Samsung Galaxy Ring: Everything we know, including potential features, launch date and more

Samsung Galaxy Ring
Behold! The Samsung Galaxy Ring. (Image credit: Samsung)

Get ready for a new wearable from Samsung in the form of the Samsung Galaxy Ring. Samsung first teased the device at the Galaxy Unpacked 2024 event in January and now we've actually seen the Galaxy Ring in person ahead of what is likely to be a potential July launch date.

It's looking like the Galaxy Ring will sport an ECG sensor, monitor your blood flow and be available in multiple varieties. Expect strong tie-ins to Samsung Health, the company's health tracking initiative. 

When the Galaxy Ring finally arrives, it could prove to be a major competitor to the best fitness tracking rings on the market, namely the Oura Ring. Then again, based on our recent chat with Oura CEO Tom Hale, the fresh competition is, at least, partially embraced.

Here's everything we know so far about the Samsung Galaxy Ring.

Latest news

Updated April 15

Samsung Galaxy Ring cheat sheet: Biggest rumors

  • Release date prediction: July 2024 launch, August 2024 release
  • Price prediction: $300 or higher
  • Wellness features: Heart health monitoring, sleep tracking, "Vitality" score  
  • Smart features: Compatibility with Galaxy devices
  • Design: Available in black, gold and silver, nine sizes  

Samsung Galaxy Ring: Expected launch date

We expect the Galaxy Ring to officially launch at the next Samsung Unpacked event, likely in late July. As reported by ETNews (via Revegnus on the X social media site), the wearable is currently in the prototype production stage, with mass production anticipated to begin in May. It also sounds like Samsung plans to launch the device with just 400,000 production units, according to a report in the Korean publication The Elec.

This timeline suggests that the first orders of Galaxy Rings could begin shipping as soon as August. Samsung has yet to officially announce an Unpacked event for the summer, but they historically take place at the end of July. We may also see the Galaxy Ring launch alongside the forthcoming Galaxy Z Flip 6 and Galaxy Z Fold 6 smartphones at this event. We'll also likely meet the next-generation Galaxy Watch 7 devices there too. 
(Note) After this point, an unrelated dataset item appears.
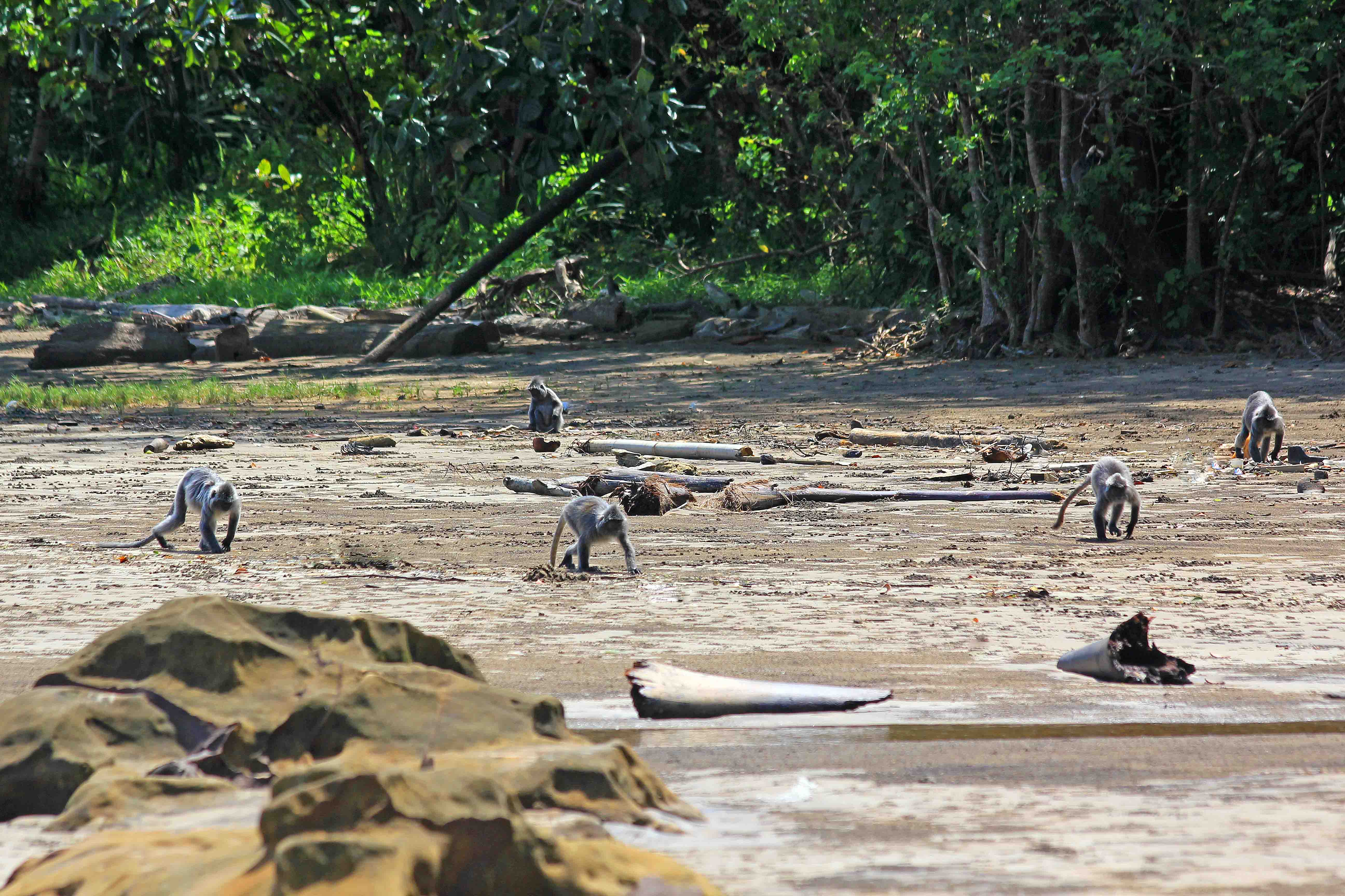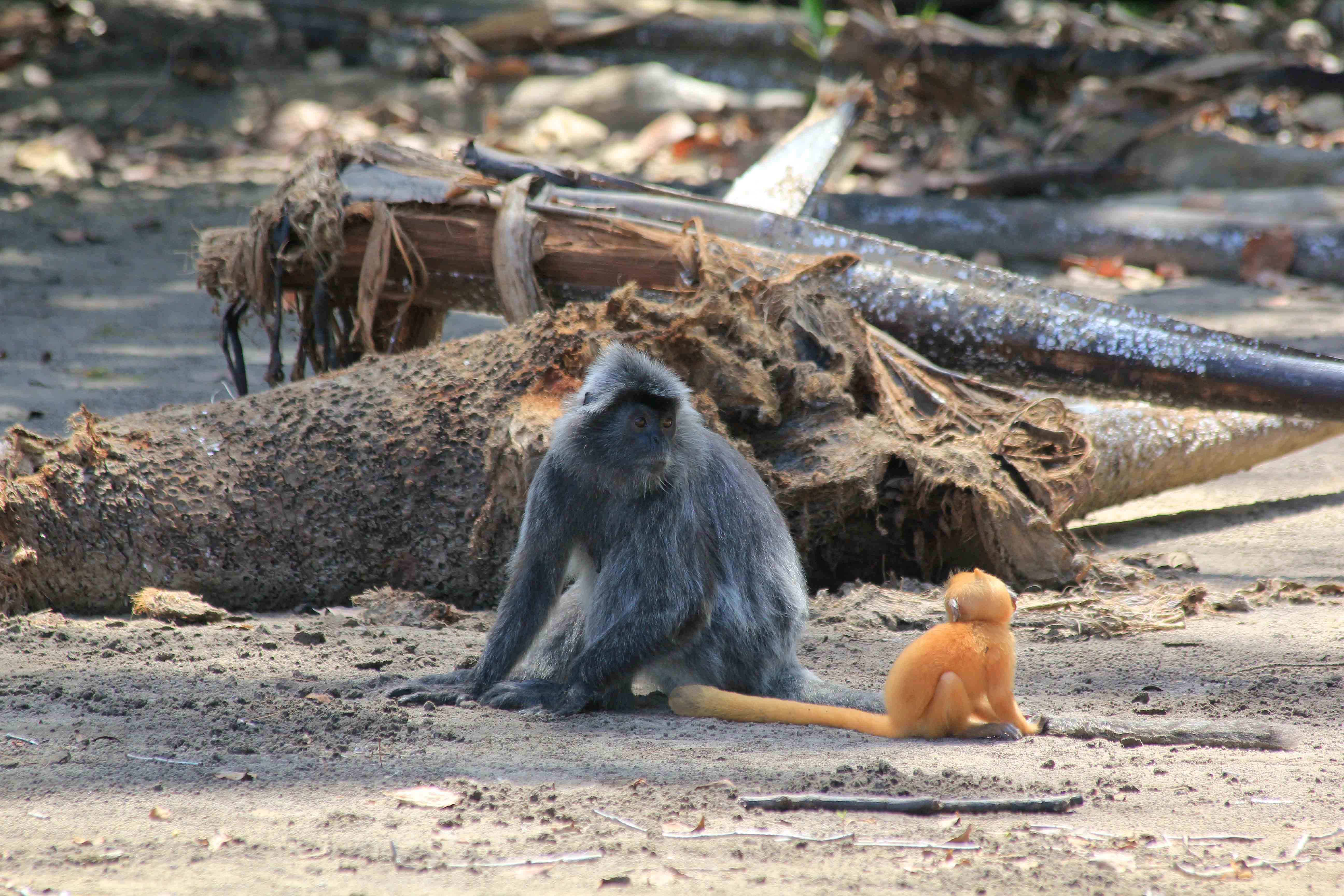 Most of the animals are active in the morning and in the late afternoon – so it’s more likely to see wildlife at these times. At the beach near the National Park Head quarter we saw lots of silver leaf monkeys with their orange babies hovering around in the late afternoon.

The Galaxy Ring made its initial debut — however brief — at Unpacked 2024, alongside the Galaxy S24 and S24 Ultra, with no initial details on a launch date or features.

Samsung trademarked the name Galaxy Ring back in February 2023, along with a bunch of other names that could either refer to features of the ring or other products entirely.

Samsung Galaxy Ring: How much will it cost?

We don't have any indications of how much the Samsung Galaxy Ring would cost, but we can take some educated guesses based on the price of other smart rings currently on the market.

For starters, the Galaxy Ring's presumptive competitor, the Oura Ring, costs $299 at Best Buy. Other smart rings, such as the Circular Pro 1, costs $410, and the Ultrahuman Ring AIR comes in at $349 on Amazon

With those in mind, we'd be surprised if the Galaxy Ring cost more than $300.

Samsung Galaxy Ring: Design

Samsung Galaxy Ring

The Galaxy Ring will likely come in three finishes and nine sizes. (Image credit: Future)

Quite obviously, we expect the Galaxy Ring to be, well, a ring. And now that we've seen the Galaxy Ring for ourselves — it was on display at MWC 2024 in February — we can confirm that's exactly what you're getting with this wearable.

The finger-based wearable will be available in nine sizes — specifically ring sizes five through 13 — and weigh roughly three grams, which makes it considerably lighter than the current-gen Oura Ring. 

At the Galaxy Ring's public showing during MWC 2024, we learned the wearable will feature three colors — black, gold, and silver. We found the gold and silver options to be particularly striking in person.

Samsung Galaxy Ring

The Samsung Galaxy Ring was shown under glass during Mobile World Congress 2024. (Image credit: Future)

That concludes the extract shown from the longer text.